Direktur Eksekutif Asosiasi Pertambangan Batubara Indonesia (APBI) Hendra Sinadia mengatakan dalam kunjungannya ke China beberapa waktu lalu, sejumlah importir masih melihat Indonesia sebagai negara utama pemasok batu bara. Menurutnya, hal tersebut menjadi sinyal positif bagi para produsen batu bara dalam Indonesia.

"Mereka masih melihat positif sih untuk batu bara dari Indonesia. Jadi perkiraannya memang pasar China cukup prospektif untuk beberapa waktu ke depan," katanya kepada Bisnis, Senin (22/4/2019).

Meskipun begitu, dalam jangka panjang Negeri Tirai Bambu tersebut memang akan terus mengurangi konsumsi batu bara kalori rendahnya, termasuk dari Indonesia. Perlu diketahui, Indonesia sebagai eksportir terbesar batu bara thermal, memiliki cadangan yang didominasi oleh batu bara kalori menengah dan rendah.

"Mungkin secara bertahap untuk kalori rendah mereka mengurangi, tapi tidak langsung berkurang secara penuh," ujarnya.

Sementara itu, terkait terus tertundanya pasokan batu bara Australia ke China, Hendra menyatakan kondisi tersebut hanya bisa dimanfaatkan oleh beberapa negara yang kualitas batu baranya sama dengan Australia. Dua di antaranya adalah Rusia dan Mongolia.

Adapun tertundanya pasokan batu bara dari Australia tersebut menjadi sentimen negatif terhadap harga batu bara kalori tinggi. Meskipun Indonesia hanya memiliki sedikit batu bara kalori tinggi, sentimen tersebut membuat indeks harga batu bara secara keseluran ikut tertekan.

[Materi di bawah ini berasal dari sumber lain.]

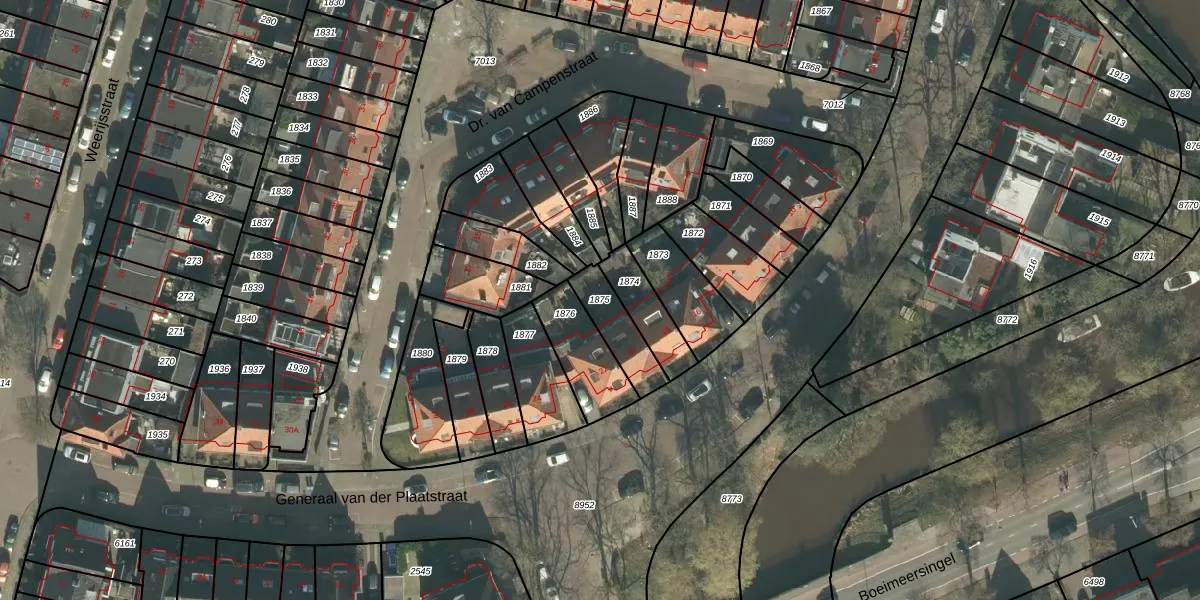 Gebruik de zoekbalk of klik op een perceel om informatie over het perceel te bekijken.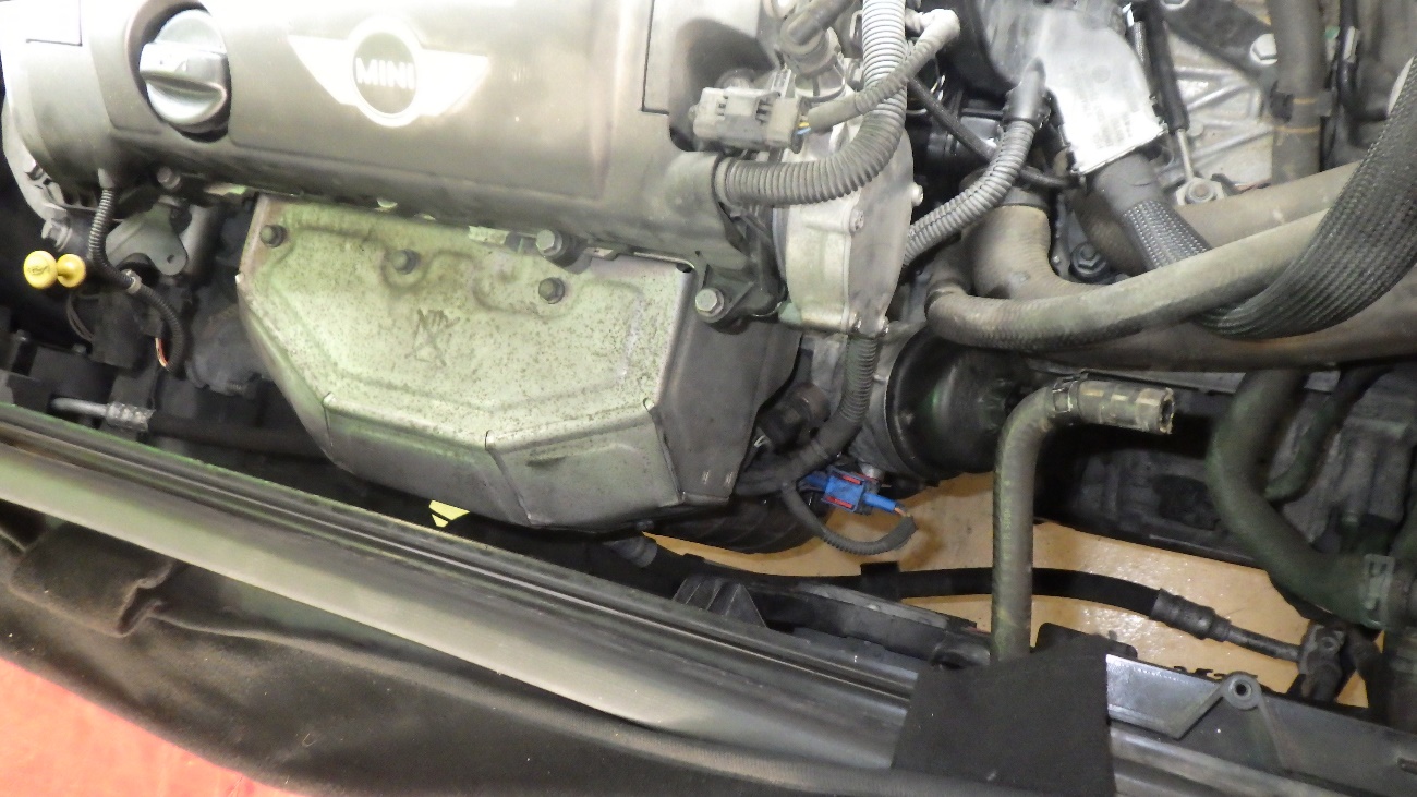 I様 BMWミニ オイル、LLC漏れ修理レポート 75256 km この度はご入庫ありがとうございます。 エンジンオイル、クーラント漏れの修理作業に取り掛かって…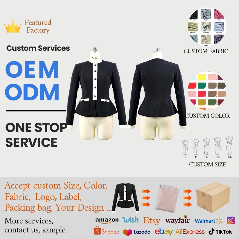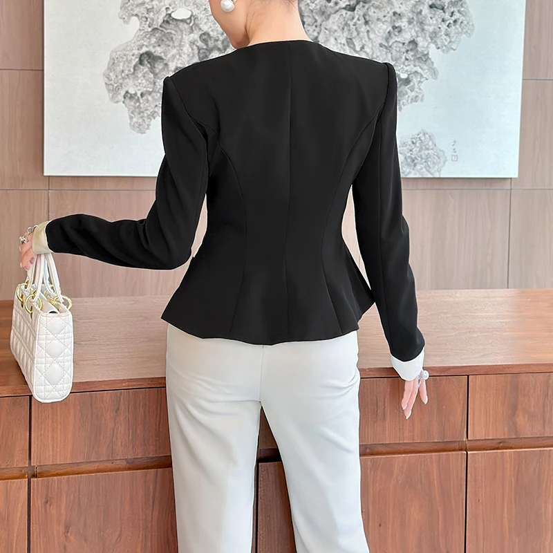 ZYHT 35240 Women's Casual blazer Black & White Contrast Peplum Blazer with Round Neck Slim Fit Vintage Jacket for Office
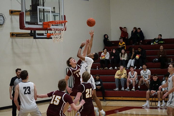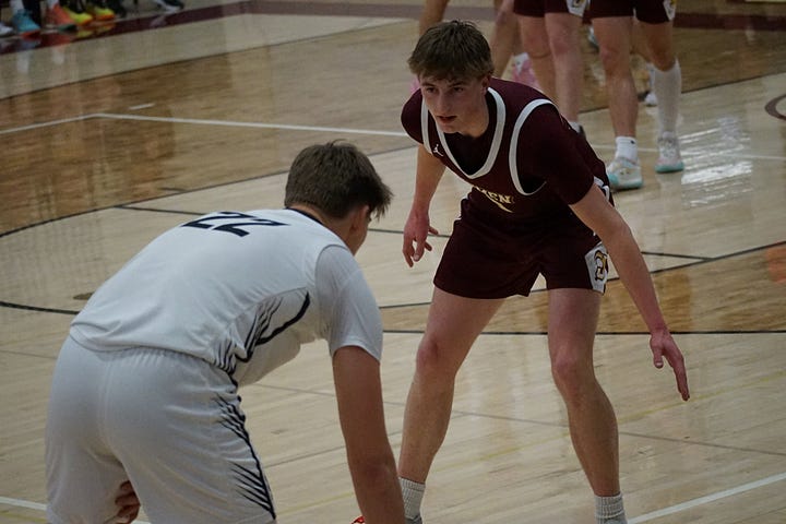 The second half followed a similar pattern. The Gryphons regained the lead, 40-37, only to watch the Hubmen tie the game at 41. Eagle Ridge held the lead one last time at 50-49. With Jordan ahead 59-56 in the final three minutes, the Hubmen set out on an offensive flurry. Graham Helgerson secured an offensive rebound and scored on the putback. Mitchell Schmidt tipped in a missed shot. Ari Langheim connected on a baseline three to extend the Hubmen's lead to six. Graham Helgerson broke through the Gryphons’ press to set up Ari Langheim for a layup. Mitchell Schmidt scored off an offensive rebound. The Hubmen outscored Eagle Ridge by nine points to lead 70-60. Lexyn Grof secured the 74-62 win by making all his free throws.

"Dampaknya memang lebih ke kalori tinggi yang terus tertekan. Indeks jadi ikut terdorong turun," katanya.

Berdasarkan data dari Kementerian ESDM, harga batu bara acuan (HBA) April 2019 dengan nilai kalori 6.322 kcal/kg GAR ditetapkan senilai US$88,85 per ton atau turun 1,9 persen dari HBA Februari 2019 senilai US$90,57 per ton.

Meskipun penurunan tersebut tidak signifikan, sejak September 2018, HBA terus terkikis dan belum pernah mencetak kenaikan bulanan. Terakhir kali HBA mencetak kenaikan bulanan pada Agustus 2018 ketika bertengger di level US$107,83 per ton.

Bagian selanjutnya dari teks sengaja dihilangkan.